There is a port for it without X11 dependencies: emulators/virtualbox-ose-nox11


----------



## apacketofsweets (Mar 22, 2019)

If you're looking to use already pre-configured VirtualBox images using VirtualBox CLI then you should be OK, but if you're looking to create and install an OS using the command-line only, keep in mind that it's not a trivial task.
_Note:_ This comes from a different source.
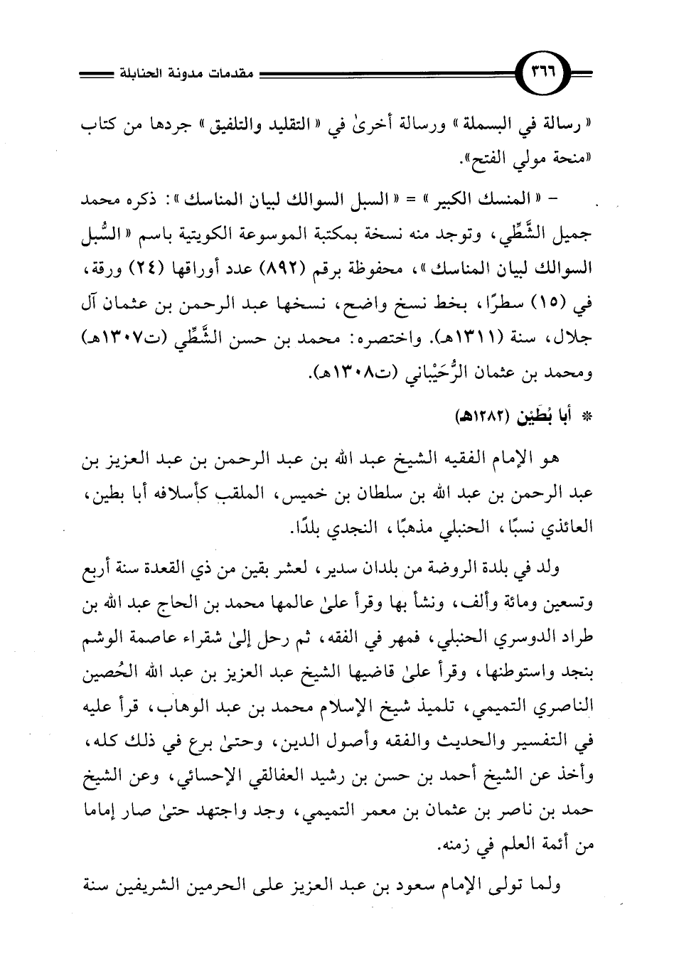 هو الإمام الفقيه الشيخ عبد اللَّه بن عبد الرحمن بن عبد العزيز بن عبد الرحمن بن عبد اللَّه بن سلطان بن خميس، الملقب كأسلافه أبا بطين، العائذي نسبًا، الحنبلي مذهبًا، النجدي بلدًا.

It is possible but it involves scripts and pre-empting commands and actions that OS installers and the like will request.


----------



## rtsiresy (Mar 23, 2019)

roccobaroccoSC said:


> There is a port for it without X11 dependencies: emulators/virtualbox-ose-nox11


and how can I switch into the VMs; for ex I start a VM , does the VM monopolize the screen ?? or do I have to switch to the VM console after it starts?


----------



## D-FENS (Mar 23, 2019)

I don't know virtualbox. I have used bhyve and qemu. Usually you can see the screen via the VNC protocol or something similar. When you start the VM you provide a parameter for the VNC, this is how bhyve does it.
If I recall correctly, virtualbox has a console you can call with a command. It was long time ago, I don't remember.


----------



## aragats (Mar 23, 2019)

rtsiresy said:


> how can I switch into the VMs; for ex I start a VM , does the VM monopolize the screen ?


You assign different VNC ports to all your VMs and access them via VNC. VB's console is just a window, it cannot "monopolize" anything, and you don't launch it anyway.
You start your VMs using `vboxheadless` command, and, e.g. you can add the corresponding cron jobs _@reboot_ or use to /etc/rc.local to automate their start in case of power failure or whatever. I used such scheme in a headless server for many years. Now I prefer bhyve().
To me the main advantage of the VB is the possibility to passthrough USB devices, now I don't need it, thus there is no need in VB.


----------



## rtsiresy (Mar 24, 2019)

key thanx


----------



## Ancient (Mar 24, 2019)

I think you could, but you couldn't run it once installation finished.
But you can install Vagrant. It is CLI and its commands are not hard to learn.
I can post the port, but since I use more `pkg ins` than the ports because of the sh**** error 1 or 2, I can't compile the port. Well, I can in some ports. In others not.


----------